▶ _EXTRACTED ENTRIES_
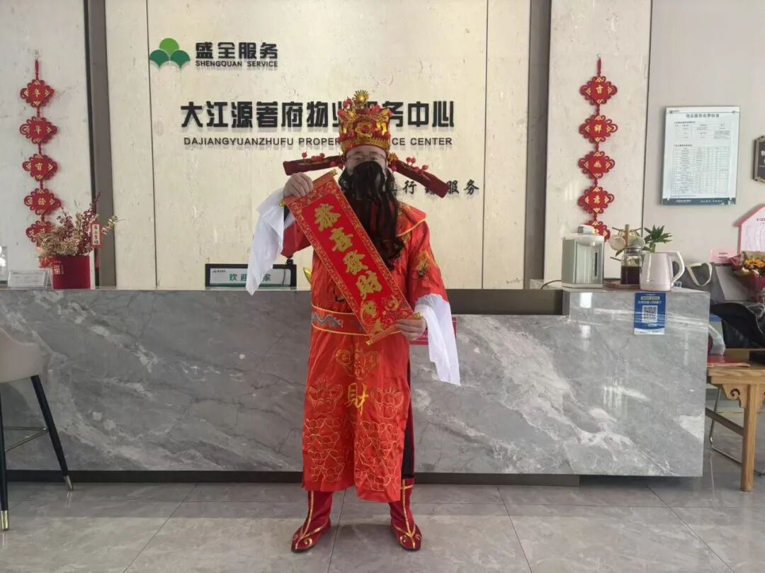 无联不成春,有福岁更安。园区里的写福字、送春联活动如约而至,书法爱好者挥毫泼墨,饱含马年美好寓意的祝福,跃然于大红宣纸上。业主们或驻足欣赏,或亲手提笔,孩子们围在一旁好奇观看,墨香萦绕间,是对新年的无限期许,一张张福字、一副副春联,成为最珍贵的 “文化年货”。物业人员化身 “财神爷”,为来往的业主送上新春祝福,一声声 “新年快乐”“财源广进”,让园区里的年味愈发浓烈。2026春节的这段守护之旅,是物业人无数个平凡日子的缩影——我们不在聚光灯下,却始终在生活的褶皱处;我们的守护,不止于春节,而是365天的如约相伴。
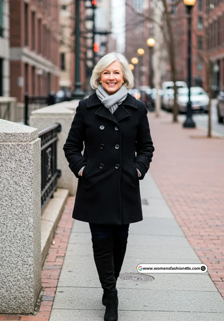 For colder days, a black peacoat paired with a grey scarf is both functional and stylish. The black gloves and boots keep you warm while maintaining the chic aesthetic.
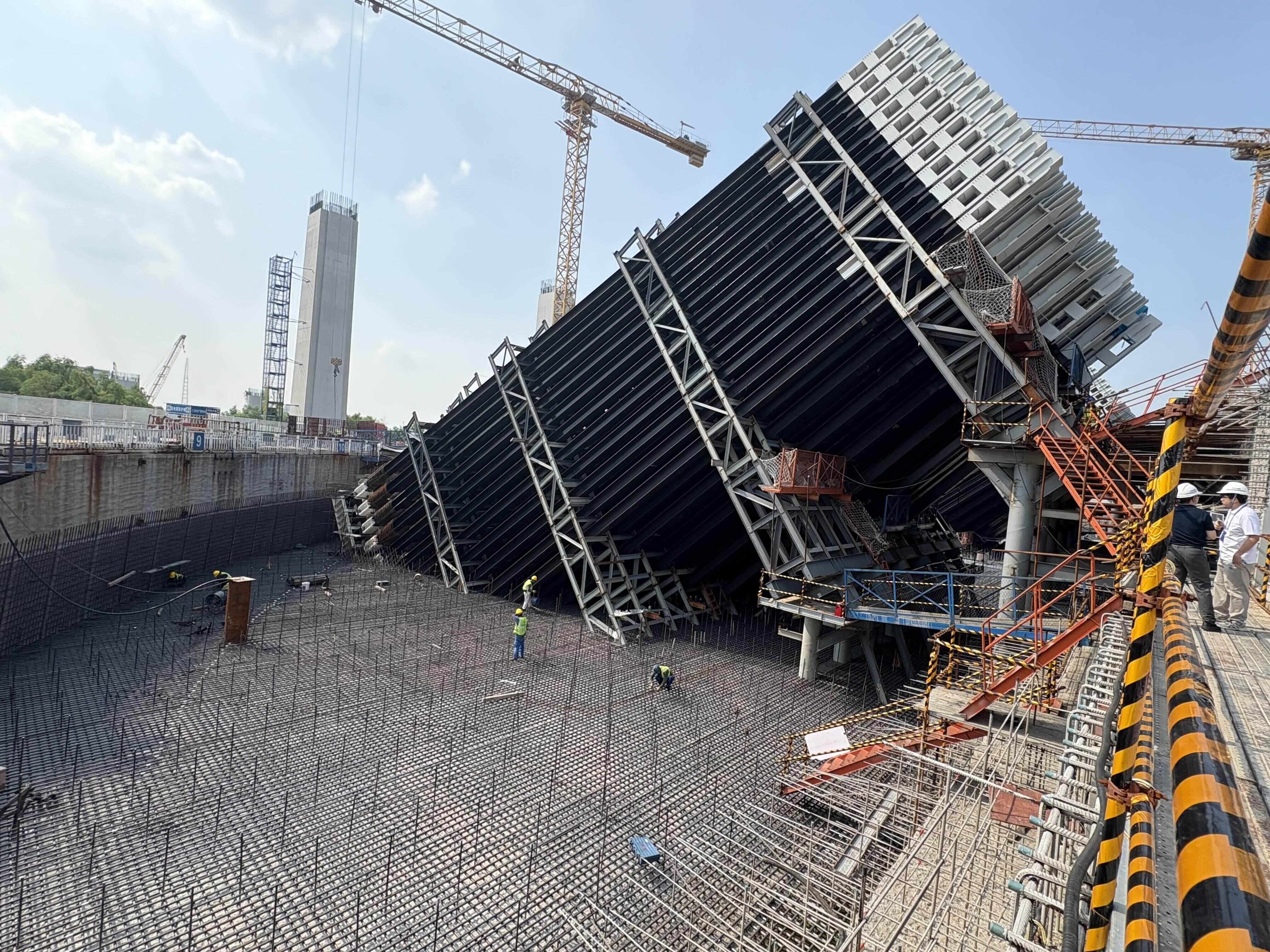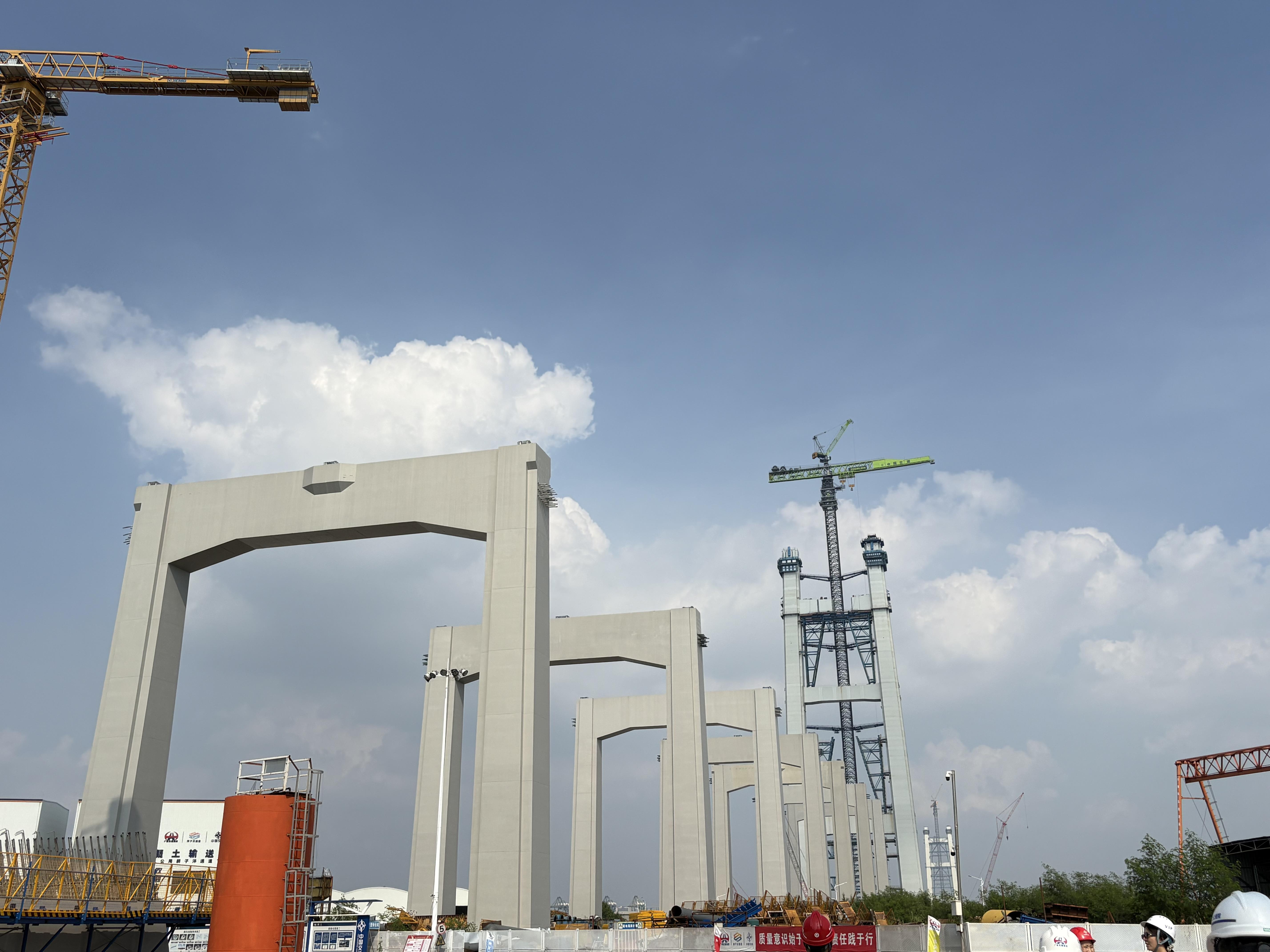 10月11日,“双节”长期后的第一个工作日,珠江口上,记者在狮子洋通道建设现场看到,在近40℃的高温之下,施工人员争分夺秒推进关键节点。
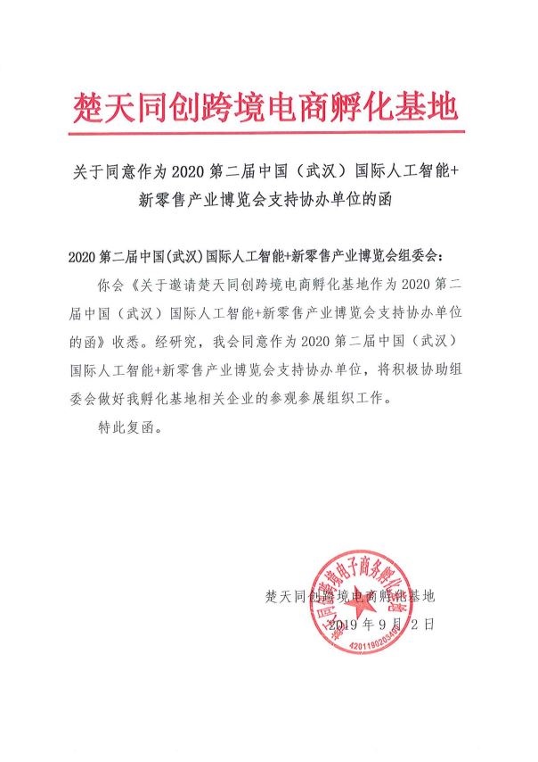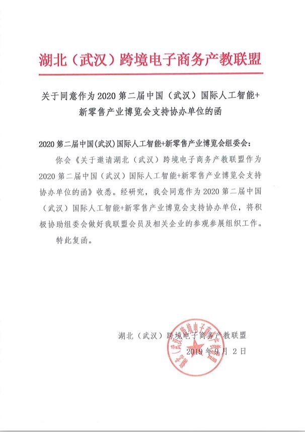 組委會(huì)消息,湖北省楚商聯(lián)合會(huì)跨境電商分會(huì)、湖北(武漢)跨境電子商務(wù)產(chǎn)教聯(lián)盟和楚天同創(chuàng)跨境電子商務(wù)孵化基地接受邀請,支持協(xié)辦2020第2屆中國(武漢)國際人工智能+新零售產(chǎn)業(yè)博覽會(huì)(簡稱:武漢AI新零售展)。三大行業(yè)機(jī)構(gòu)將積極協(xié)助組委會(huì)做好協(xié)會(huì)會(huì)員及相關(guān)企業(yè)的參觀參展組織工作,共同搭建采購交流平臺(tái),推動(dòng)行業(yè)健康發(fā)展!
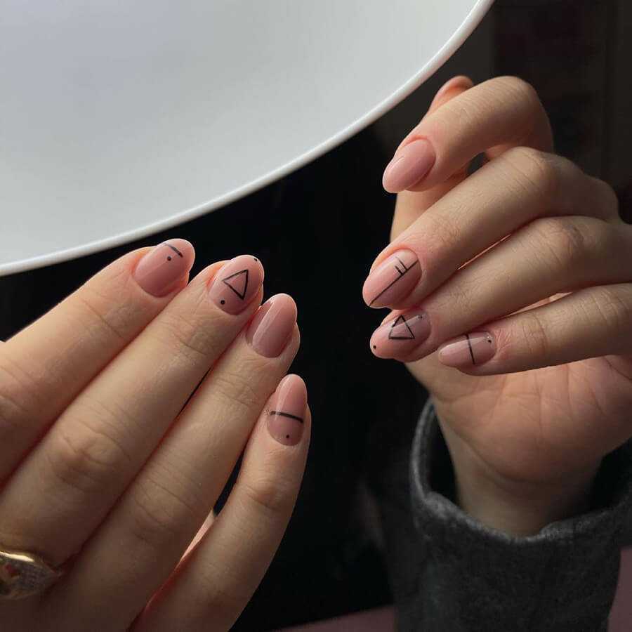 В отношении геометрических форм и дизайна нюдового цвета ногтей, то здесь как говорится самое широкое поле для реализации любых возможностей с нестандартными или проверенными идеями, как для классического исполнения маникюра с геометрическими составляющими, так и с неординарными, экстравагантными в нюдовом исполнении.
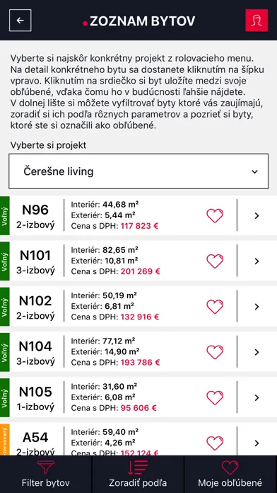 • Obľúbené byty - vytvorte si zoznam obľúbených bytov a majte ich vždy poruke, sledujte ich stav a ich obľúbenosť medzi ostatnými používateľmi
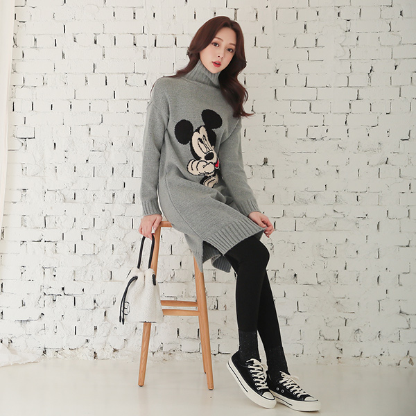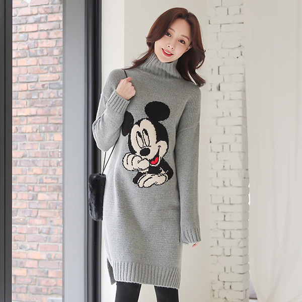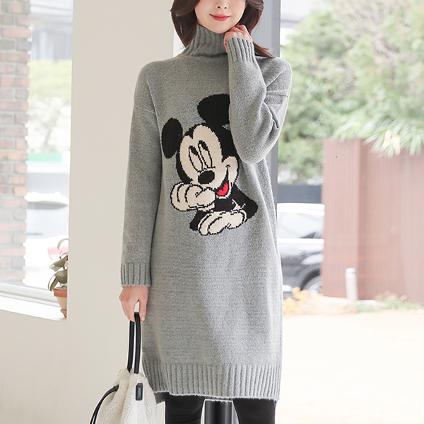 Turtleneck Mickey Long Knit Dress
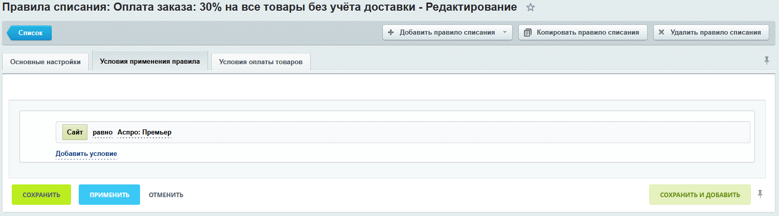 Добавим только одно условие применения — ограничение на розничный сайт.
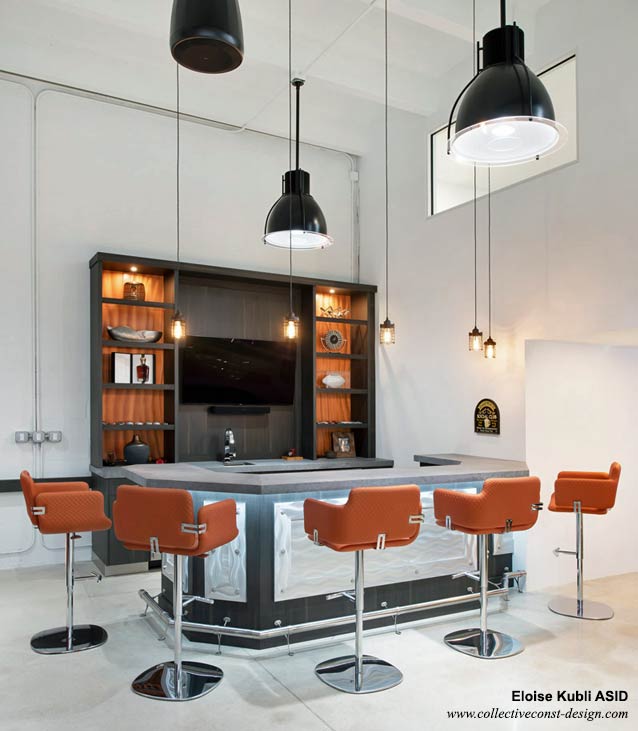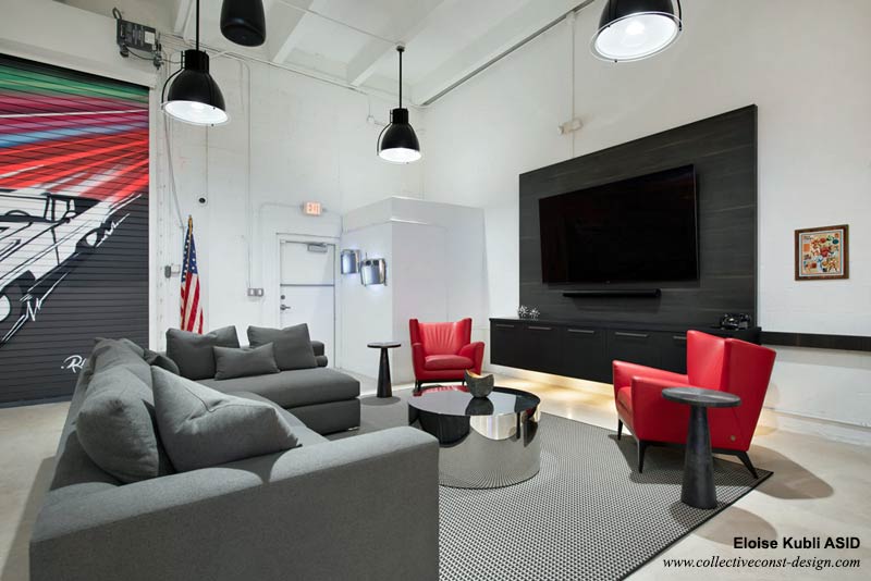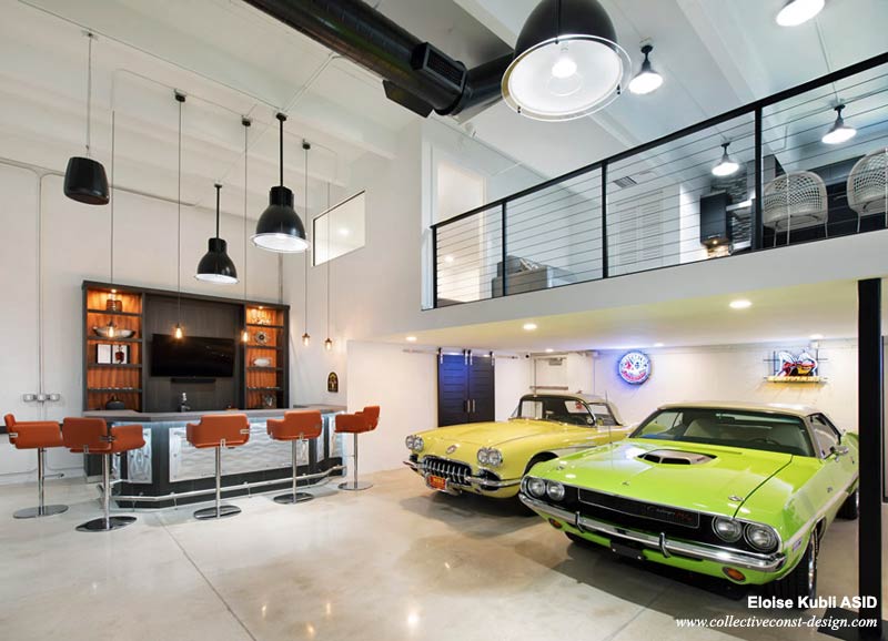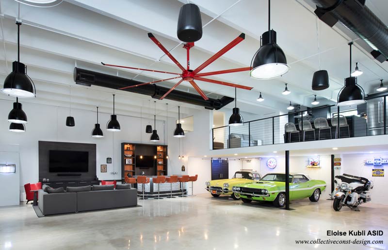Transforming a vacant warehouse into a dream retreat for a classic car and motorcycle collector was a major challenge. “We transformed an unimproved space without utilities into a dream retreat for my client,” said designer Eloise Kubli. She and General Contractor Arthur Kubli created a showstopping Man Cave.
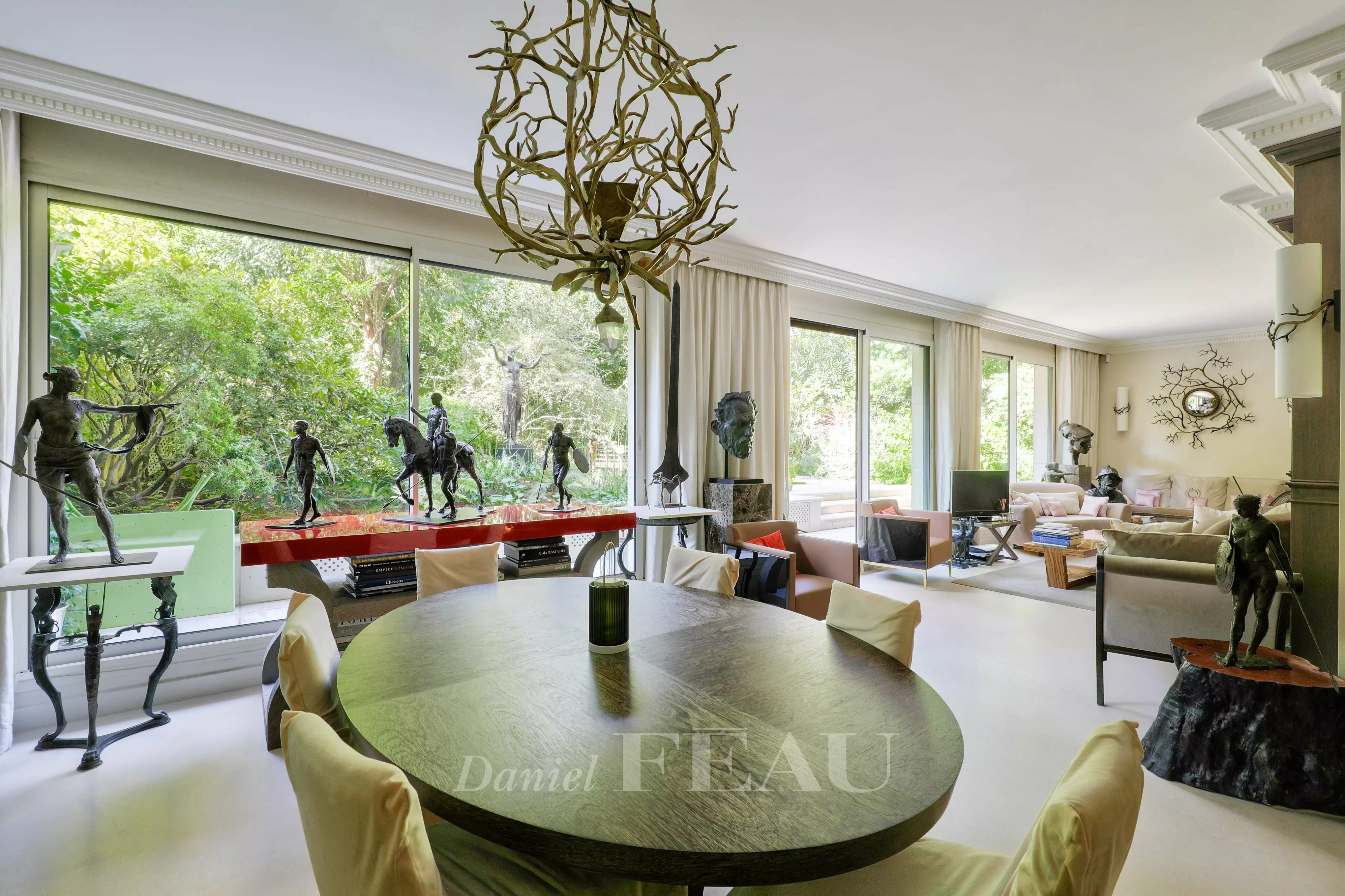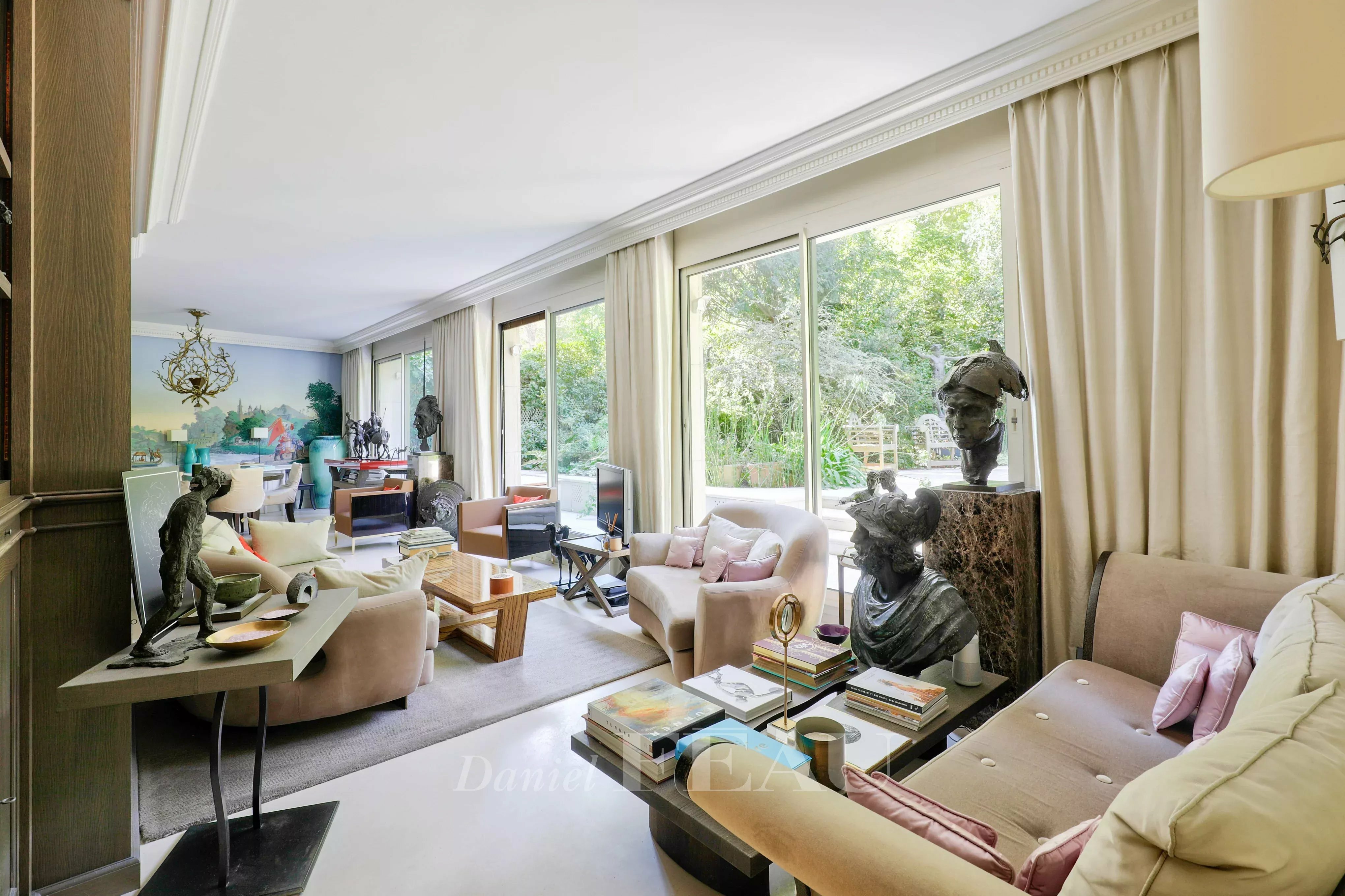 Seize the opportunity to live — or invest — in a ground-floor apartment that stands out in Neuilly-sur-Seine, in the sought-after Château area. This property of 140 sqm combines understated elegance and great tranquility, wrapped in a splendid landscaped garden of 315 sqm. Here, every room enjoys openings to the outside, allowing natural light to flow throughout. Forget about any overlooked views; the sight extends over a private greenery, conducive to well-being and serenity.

▶ _REQUIRED WORK_
Starting at the line that contains "В отношении геометрических", reproduce exactly and only the lines through the end of the entries above, with the pictures excluded.

▶ _EXERCISE SOLUTION_
 В отношении геометрических форм и дизайна нюдового цвета ногтей, то здесь как говорится самое широкое поле для реализации любых возможностей с нестандартными или проверенными идеями, как для классического исполнения маникюра с геометрическими составляющими, так и с неординарными, экстравагантными в нюдовом исполнении.
 • Obľúbené byty - vytvorte si zoznam obľúbených bytov a majte ich vždy poruke, sledujte ich stav a ich obľúbenosť medzi ostatnými používateľmi
 Turtleneck Mickey Long Knit Dress
 Добавим только одно условие применения — ограничение на розничный сайт.
Transforming a vacant warehouse into a dream retreat for a classic car and motorcycle collector was a major challenge. “We transformed an unimproved space without utilities into a dream retreat for my client,” said designer Eloise Kubli. She and General Contractor Arthur Kubli created a showstopping Man Cave.
 Seize the opportunity to live — or invest — in a ground-floor apartment that stands out in Neuilly-sur-Seine, in the sought-after Château area. This property of 140 sqm combines understated elegance and great tranquility, wrapped in a splendid landscaped garden of 315 sqm. Here, every room enjoys openings to the outside, allowing natural light to flow throughout. Forget about any overlooked views; the sight extends over a private greenery, conducive to well-being and serenity.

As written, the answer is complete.